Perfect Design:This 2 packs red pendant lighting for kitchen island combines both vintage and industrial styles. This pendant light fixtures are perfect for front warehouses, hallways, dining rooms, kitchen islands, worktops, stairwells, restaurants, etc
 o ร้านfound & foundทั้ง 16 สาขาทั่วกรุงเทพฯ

* * *

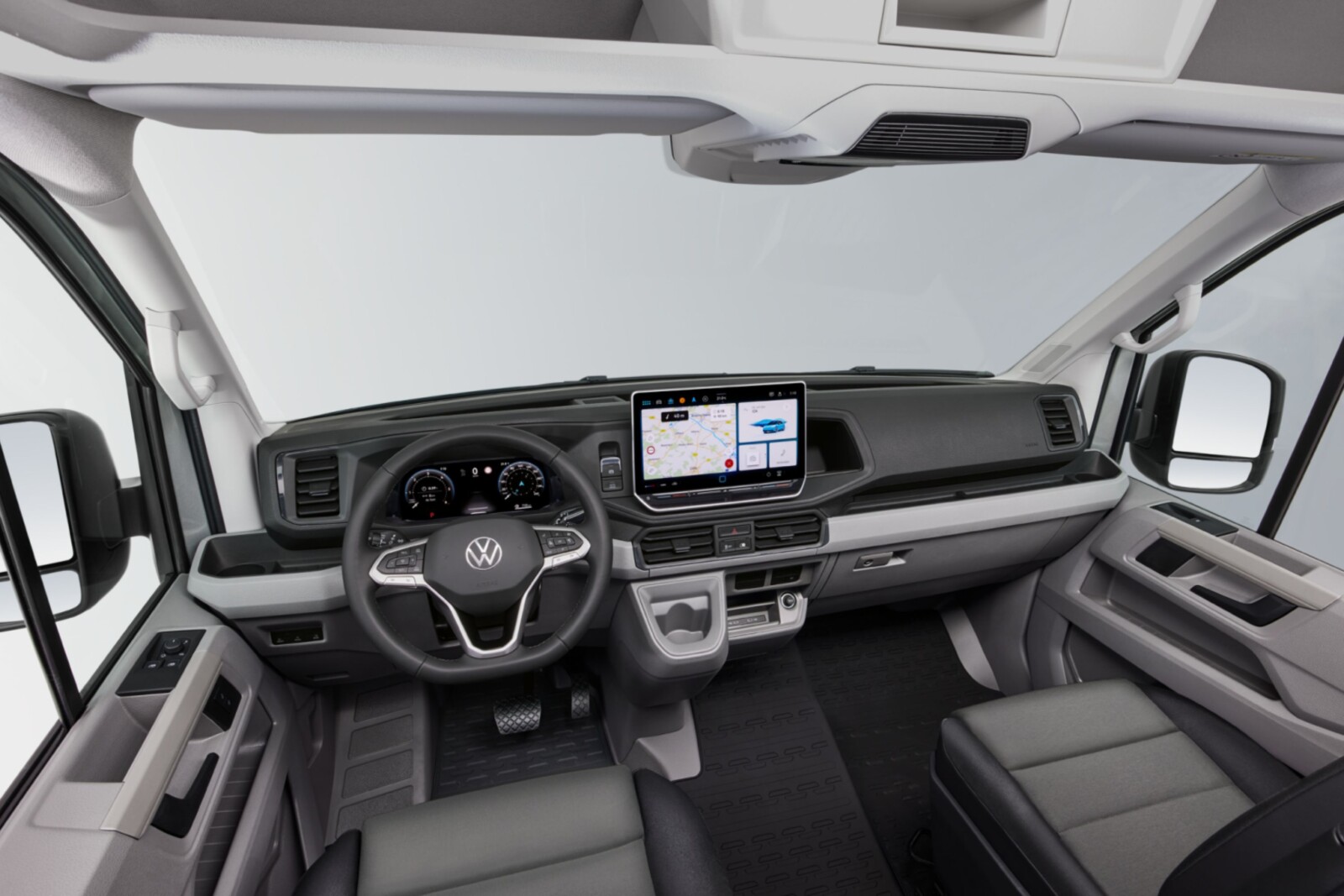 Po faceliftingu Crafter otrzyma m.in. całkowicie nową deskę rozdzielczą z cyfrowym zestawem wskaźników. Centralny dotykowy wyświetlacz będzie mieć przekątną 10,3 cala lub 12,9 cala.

==

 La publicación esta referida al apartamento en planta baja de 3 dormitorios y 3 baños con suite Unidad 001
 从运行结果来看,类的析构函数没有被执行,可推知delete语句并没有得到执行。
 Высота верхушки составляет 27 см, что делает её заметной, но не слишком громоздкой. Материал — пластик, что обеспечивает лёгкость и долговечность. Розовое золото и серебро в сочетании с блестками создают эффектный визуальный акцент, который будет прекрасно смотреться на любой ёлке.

● PROBLEM TO SOLVE:
From the records above, quote only the lines running from the line with "La publicación esta" to the line with "从运行结果来看,类的析构函数没有被执行,可推知delete语句并没有得到执行。", both lines included.

● EXPECTED ANSWER:
 La publicación esta referida al apartamento en planta baja de 3 dormitorios y 3 baños con suite Unidad 001
 从运行结果来看,类的析构函数没有被执行,可推知delete语句并没有得到执行。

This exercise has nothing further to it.